Content starts

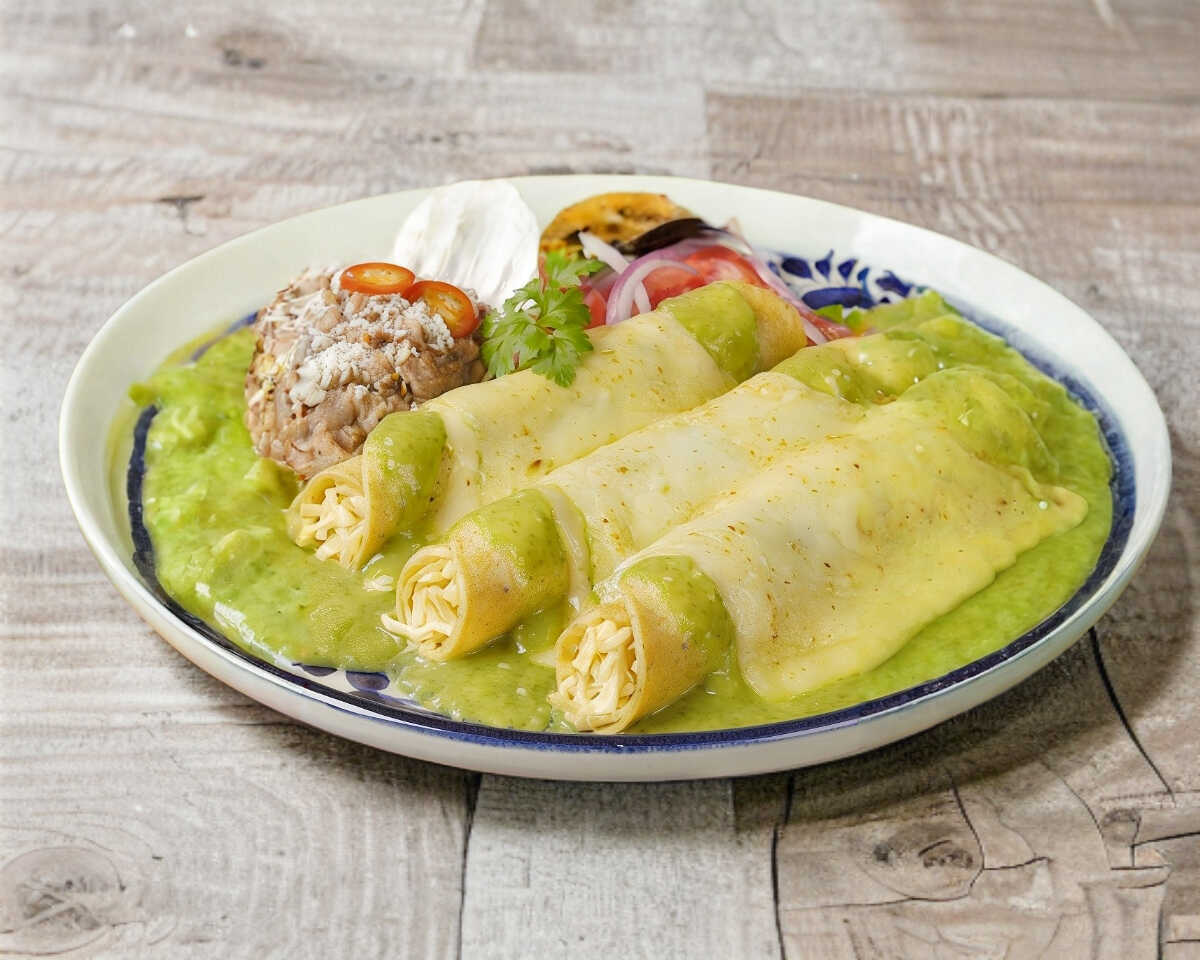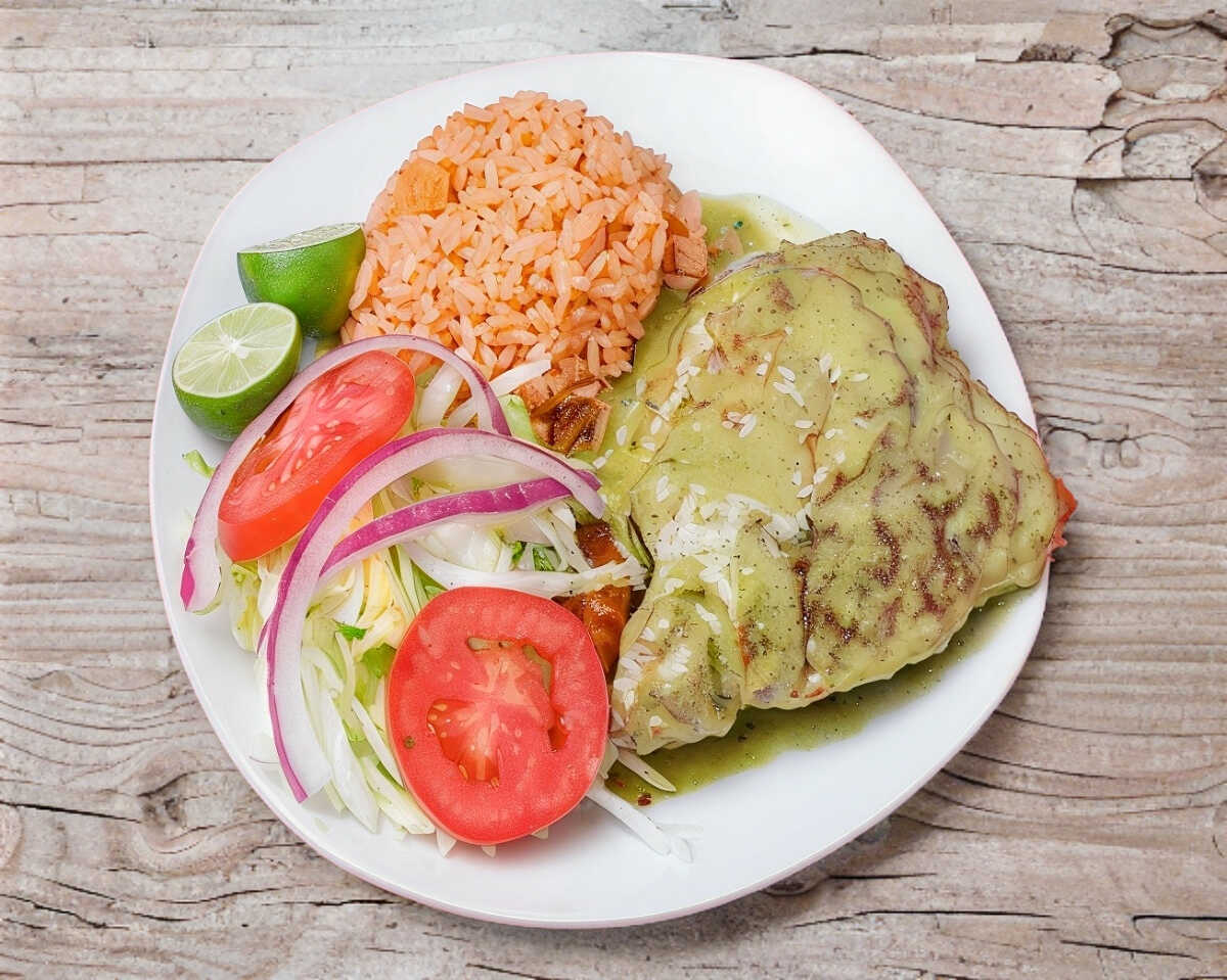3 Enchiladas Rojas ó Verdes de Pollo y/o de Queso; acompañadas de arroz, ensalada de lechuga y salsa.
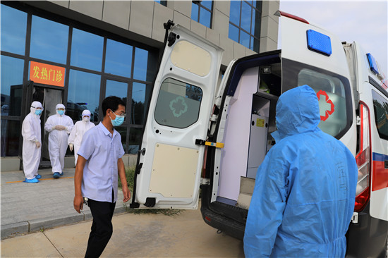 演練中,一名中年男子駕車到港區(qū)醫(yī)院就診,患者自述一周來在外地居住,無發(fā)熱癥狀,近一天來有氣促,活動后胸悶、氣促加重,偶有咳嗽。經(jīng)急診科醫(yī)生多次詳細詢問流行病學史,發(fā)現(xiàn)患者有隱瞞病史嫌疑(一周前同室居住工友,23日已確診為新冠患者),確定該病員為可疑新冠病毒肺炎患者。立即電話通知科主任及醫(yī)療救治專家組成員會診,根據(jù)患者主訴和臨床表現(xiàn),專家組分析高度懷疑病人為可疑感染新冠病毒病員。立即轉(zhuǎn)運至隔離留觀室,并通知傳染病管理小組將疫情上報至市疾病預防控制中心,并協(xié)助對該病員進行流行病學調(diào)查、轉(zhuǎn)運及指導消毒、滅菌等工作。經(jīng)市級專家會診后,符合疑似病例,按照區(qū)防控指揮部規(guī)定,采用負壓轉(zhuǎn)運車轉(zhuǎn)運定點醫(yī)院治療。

Content ends
Content starts

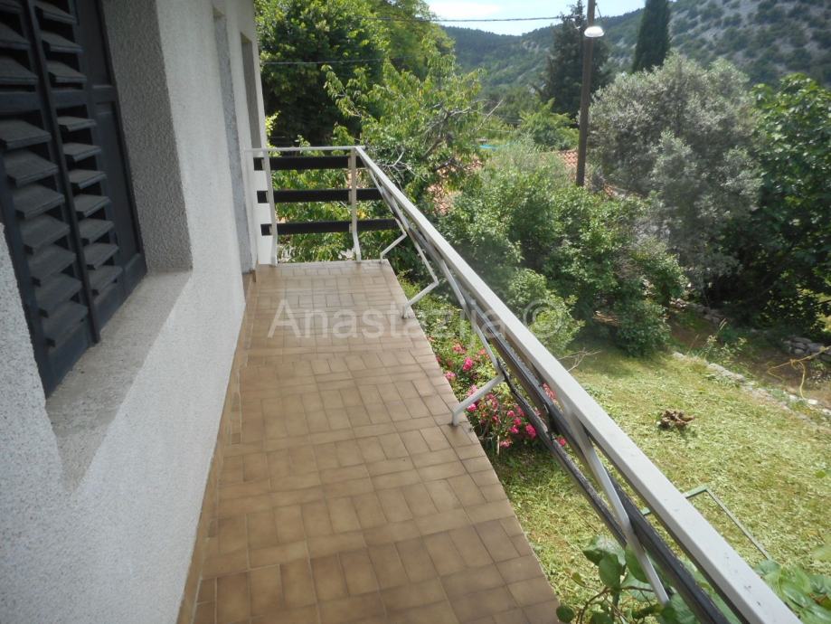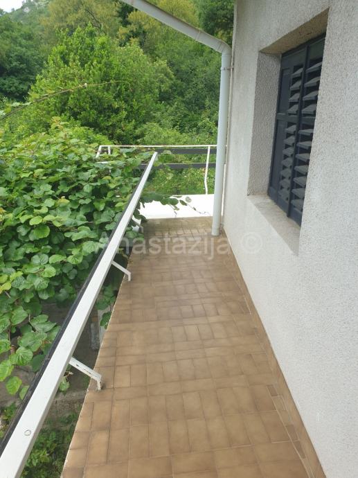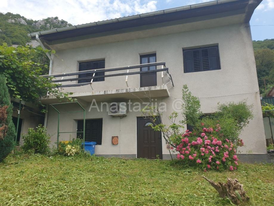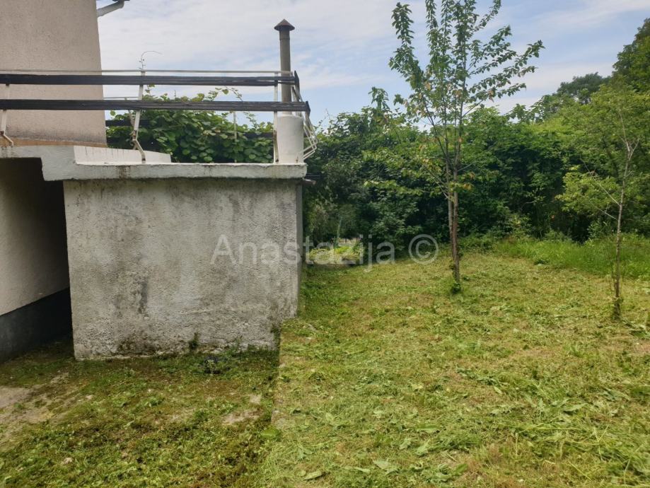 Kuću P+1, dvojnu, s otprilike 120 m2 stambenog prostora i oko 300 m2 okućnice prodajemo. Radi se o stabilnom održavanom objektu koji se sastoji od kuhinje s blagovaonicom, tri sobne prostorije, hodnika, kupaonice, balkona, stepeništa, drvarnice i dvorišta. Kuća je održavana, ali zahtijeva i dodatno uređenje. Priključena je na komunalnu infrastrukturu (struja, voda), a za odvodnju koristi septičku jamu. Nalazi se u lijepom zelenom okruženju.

Content ends
Content starts

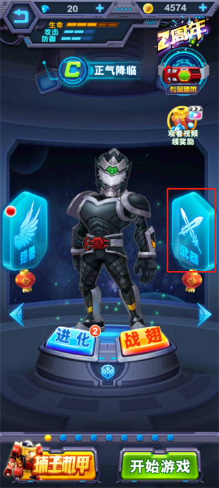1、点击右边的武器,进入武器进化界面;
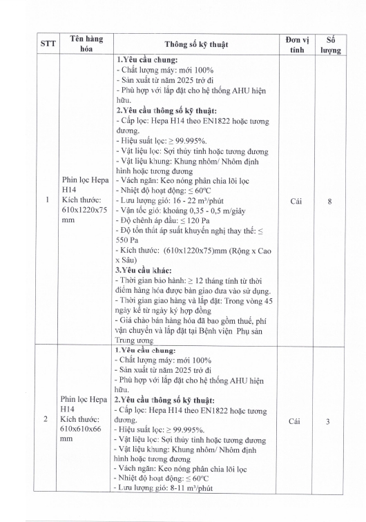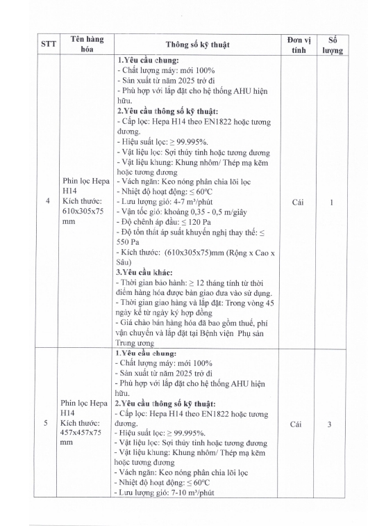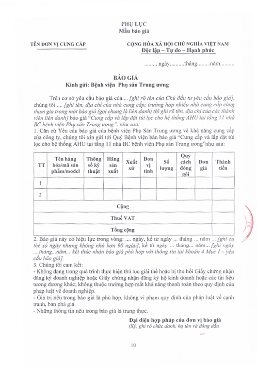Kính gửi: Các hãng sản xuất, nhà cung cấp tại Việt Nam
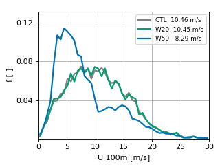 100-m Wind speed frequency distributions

Content ends

Up in the listing, locate the line with "1、点击右边的武器,进入武器进化界面;"; print it and every line after it down to the line with "100-m Wind speed frequency distributions", which is included too. Skip the pictures.

1、点击右边的武器,进入武器进化界面;
Kính gửi: Các hãng sản xuất, nhà cung cấp tại Việt Nam
 100-m Wind speed frequency distributions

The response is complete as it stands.